Page MenuHomePhabricator

rack/setup new host graphite2002
Closed, ResolvedPublic

Description

This task is to track the racking and deployment of the new graphite2002 system. This system was ordered on the spare pool order T130743, allocating one of the six systems from that order.
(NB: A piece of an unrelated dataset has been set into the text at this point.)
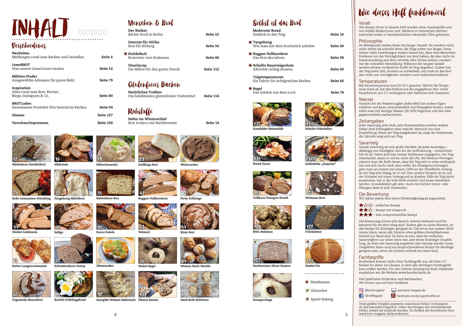 Gute Rohstoffe, ein paar richtige Handgriffe und dem Teig Zeit lassen - so entsteht perfektes Brot, aromatisch und bekömmlich. Brot, das schmeckt "wie früher" und das man ohne Magengrummeln isst. Die Zeitschrift BROT bringt alle zwei Monate mehr als 30 Rezepte für bekömmliche, kreative, schmackhafte und alltagstaugliche Brote. Darüber hinaus gibt es in jeder Ausgabe nützliche Informationen über Rohstoffe, Handgriffe, Triebmittel wie Hefe oder Sauerteig, die Prozesse in Teig und Ofen sowie Tipps und Tricks für das heimische Backen. Mit BROT wirst Du selbst Schritt für Schritt zur erfolgreichen Bäckerin, machst Familie, Freunde und Dich selbst mit aromatischen Broten glücklich. Darüber hinaus erzählen wir in jeder Ausgabe Geschichten über Menschen die von und mit Brot leben. Ob Getreidezüchter/in, Landwirt/in, Müller/in oder Bäcker/in - wir zeigen Menschen, die jeden Tag mit Leidenschaft für gutes Brot arbeiten.

The original hardware request is on T126253.

  • - receive in system normally on T130743 (includes asset tagging, racktables addition)
  • - rack in either c5 or d5 (as those are misc services racks, and rows a & b are quite full in comparison) the server is racked in c5
  • - add asset tag and hostname for mgmt dns
  • - add internal ip production dns entries
  • - update this task with the port# of the system (can ping @RobH to update switch stack)
  • - update install_server with mac info and partitioning (use raided setup with /srv in ext4)
  • - install os (Trusty, as graphite2001 is Trusty.)
  • - sign puppt/salt
  • - service implementation (hand off to @fgiunchedi as initial requestor on T126253)

Event Timeline

Restricted Application added a subscriber: Aklapper. · View Herald Transcript
RobH added a subtask: Unknown Object (Task).Mar 25 2016, 5:27 PM

mgmt 10.193.2.251
port info row 5 rack C5 ge-5/0/6

merged DNS changes

https://gerrit.wikimedia.org/r/280807
https://gerrit.wikimedia.org/r/280808/

[radon:~] $ host graphite2002.codfw.wmnet
graphite2002.codfw.wmnet has address 10.192.32.140

[radon:~] $ host graphite2002.mgmt.codfw.wmnet
graphite2002.mgmt.codfw.wmnet has address 10.193.2.251

Change 280809 had a related patch set uploaded (by Dzahn):
install-server: Add graphite2002 MAC address

https://gerrit.wikimedia.org/r/280809

Change 280809 merged by Dzahn:
install-server: Add graphite2002 MAC address

https://gerrit.wikimedia.org/r/280809

Change 280862 had a related patch set uploaded (by Filippo Giunchedi):
install_server: add graphite2002 partman

https://gerrit.wikimedia.org/r/280862

Change 280862 merged by Filippo Giunchedi:
install_server: add graphite2002 partman

https://gerrit.wikimedia.org/r/280862

fgiunchedi added a subscriber: Papaul.

I've updated the switch port, the host is missing 4x SSDs afaics

~ # cat /proc/partitions 
major minor  #blocks  name

   8        0  976762584 sda
   8        1   48827392 sda1
   8        2  927933440 sda2
   8       16  976762584 sdb
   8       17   48827392 sdb1
   8       18  927933440 sdb2
~ # cat /sys/block/sda/device/model
ST91000640NS    
~ # cat /sys/block/sdb/device/model
ST91000640NS    
~ #

to clarify, @RobH we're still missing the 4x SSDs for this order?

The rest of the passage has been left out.